放棄了律師的職業,突然選擇了做一名公訴人。

他還是舍不得放棄法律這一領悟的,畢竟,他從小耳听目染的都是父親在法庭上的英俊果敢。

父親,永遠活在他的心里。

回憶到這里,黎郢梵忽然覺得一直以來躁動的心漸漸地安定下來,微微垂首,發現自己的左手正被一只白女敕縴細的手握著,雙眼這才慢慢退了紅,「我的母親,看到這個故事時,該多痛呢?」

毋庸置疑,深愛的丈夫,連相愛的機會都不給自己,而自己卻什麼都不知道,什麼都不懂,大半輩子過去了,一直生生以為他也是愛著自己的。

即使沒有深切的經歷過,但諸溪約莫能夠體會那種心情,一時不知道該說什麼,心里有點難受,還有點沉悶。不知道是為了那個故事,還是為了受傷害的方蘭。

兩個人沉默了一會兒,猛地,她想到了什麼,「黎郢梵,你父親的離世只是意外吧?」

她有些不敢繼續說下去了,也許是電視劇看太多,或者說這樣的故事並不缺乏,所以才會讓她忍不住聯想。

既然,他的父親都有可能曾經愛上她的母親,那麼會不會他父親的離世也和她父母有關。

然而,答案是否定的。

黎郢梵伸手揉了揉她額前的劉海,「想太多了。」

他反手牽過她,起身往停車的方向走去,「父親的死就是簡單的意外,和別人都沒關系。母親之所以那麼恨,多半是因為她心之所愛,而你的母親卻看都不看。」

在副駕駛外站定,他嘆了口氣,沒有急著給她開門,而是輕輕地整理她有些褶皺的衣領,「愛之深,只能允許自己如何對待他,卻不能容忍別人稍微對他不好。」

是啊,她那麼愛他,願意為他做任何事。可是他卻不愛她,而他愛著的那個女人,一點也不珍惜,這才是讓她恨之氣之的地方。

回去的路,兩個人都默契地沒有開口說話。車子里很安靜,只有偶爾的喇叭聲,再提示著兩人彼此的存在。

黎郢梵找了一家餐廳,兩人準備先吃晚飯,剩下的話再慢慢說。

吃的是中餐,點的都是諸溪平時愛吃的菜,大概是今天情緒變化太快,她也確實是餓了。等她吃的差不多了,才有時間去看看坐在對面的男人,他吃的慢,溫文爾雅的樣子讓人怎麼看也看不夠。

曾經,她嫁給他的時候,就時常會看著他感嘆,上輩子是做了多大的好事,才感天動地讓他成為自己的丈夫。

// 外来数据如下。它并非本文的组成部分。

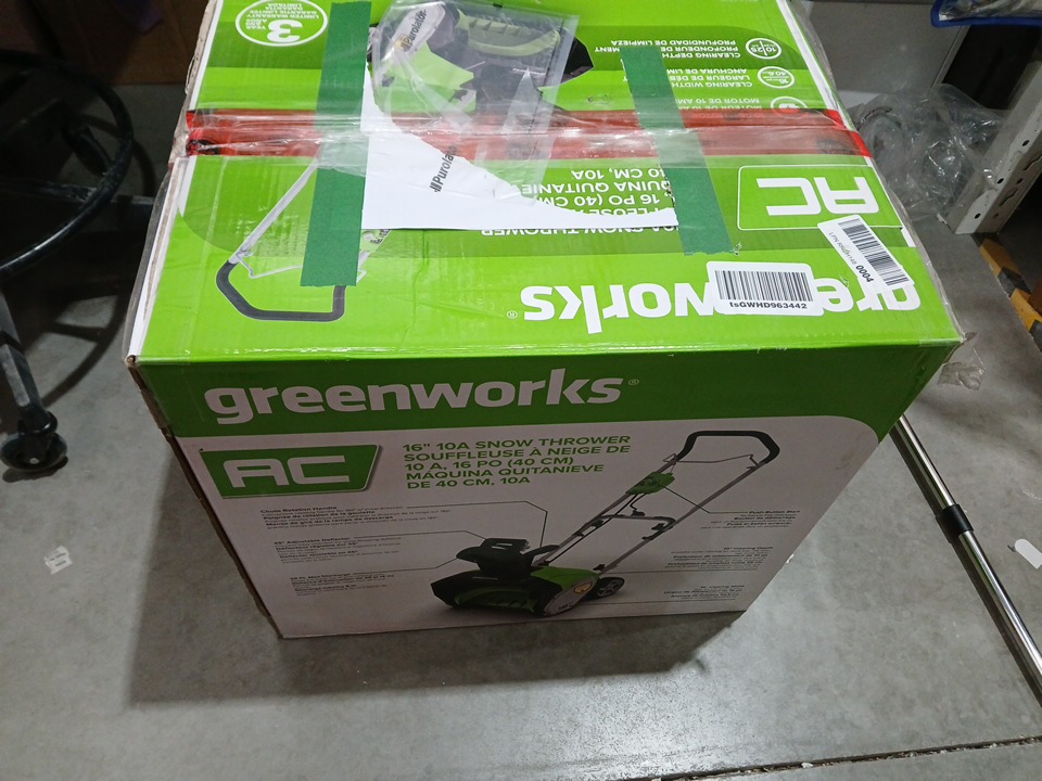 GREENWORKS CORDED SNOW THROWER - 10 AMP - 16" clearing width - green/black (MODEL: SNA103)
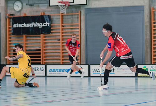 In der vierten Minute im Mitteldrittel offerierte ULA dem Gegner mit einem weiteren Fehlpass den Ausgleich, Miika Kimpanpää brachte die Oberaargauer nur Sekunden nach dem Anpfiff aber wieder in Front. Das Spiel wurde intensiver. In der 29. Minute eroberte Louis Cornillie den Ball in der Mitte und erzielte mit einem präzisen Weitschuss das 4 – 6. Ein Konter in der 35. Minute der Sarner konnte ULA-Schlussmann Spycher erst noch abwehren, doch gegen den Nachschuss war er dann machtlos. Mit dem 2 – 2 Drittelsresultat und einem Gesamtskore von 5 – 6 ging’s in die zweite Pause.
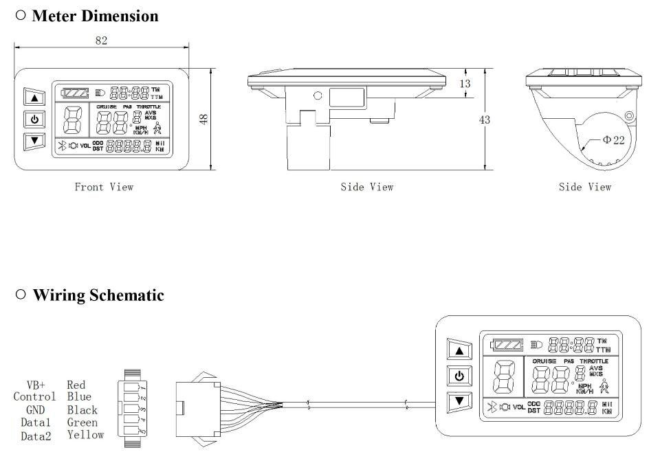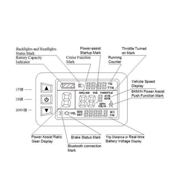 1. Data display function: It shows riding speed, single mileage and accumulated mileage, riding timing, assist gear, motor operating power and temperature, battery voltage and power status, brake status, and Ambient temperature and other cycling parameters.
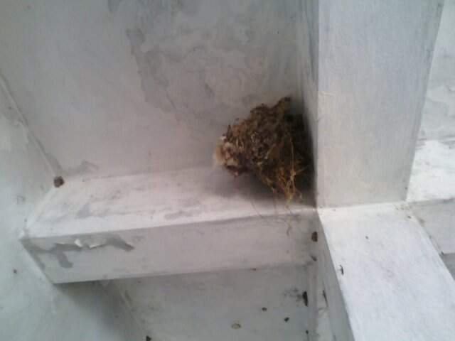 The nest is composed of softer materials, like feathers, to line the inside for comfort and insulation. The nest's placement in an indoor corner indicates that the bird had sought a safe, secluded spot away from exterior threats.
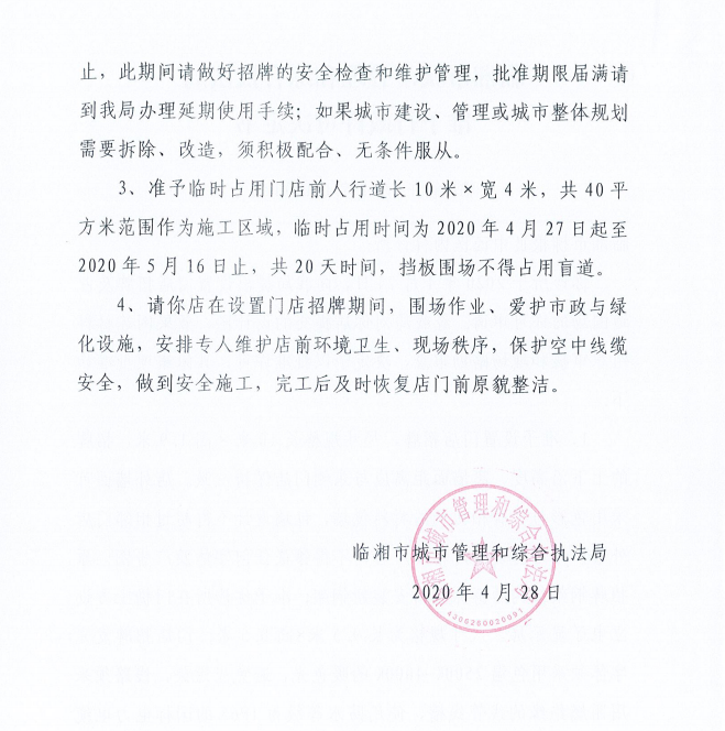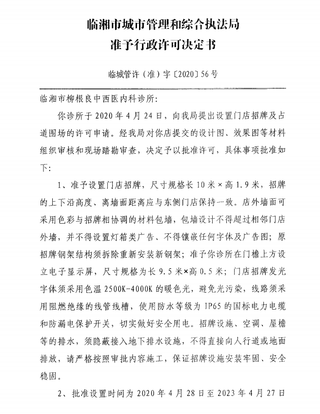 临湘市柳根良中西医内科诊所办理门店招牌设置、临时占用城市道路许可
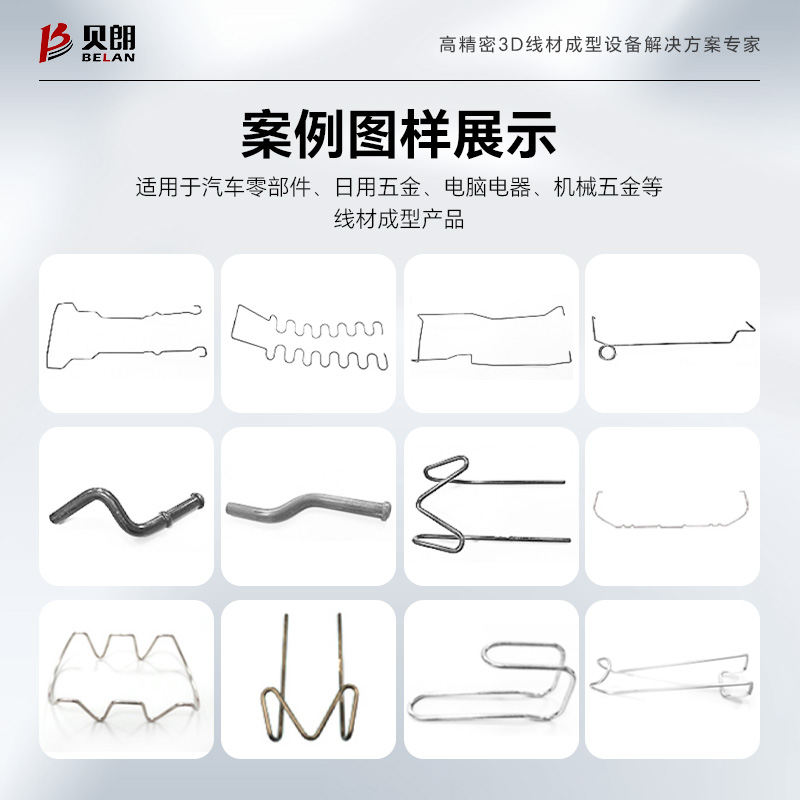 產(chǎn)品特點:適用于生產(chǎn)汽車零部件、日用五金、電腦電器、機(jī)械五金等線材成型產(chǎn)品,從產(chǎn)品結(jié)構(gòu)上來講更適合生產(chǎn)框架類的產(chǎn)品,平板支撐更穩(wěn)定;設(shè)備帶有折彎、平移功能,能夠成型大部分高難度3D產(chǎn)品,可切換多種不同R角。

現在,她看著他,同樣有這樣的想法,自己到底有什麼好,能夠與之相遇。

他說過,他愛她。

她一度以為他只是估計大概可能是被豬油蒙了心,或者根本就沒有看清自己的感情,又或者只是在安慰自己。

今天听完那個故事,她心里很不好受。她知道,不好受的人還有他。

即使不好受,他也一直陪著她,鼻頭又酸了起來。

「黎郢梵,我們再也不要分開了,好嗎?」

突如其來的表白,黎郢梵有些回不過神來,筷子掉在桌子上,他遲鈍地將視線緩緩上移,一抹深情落在她的眼底。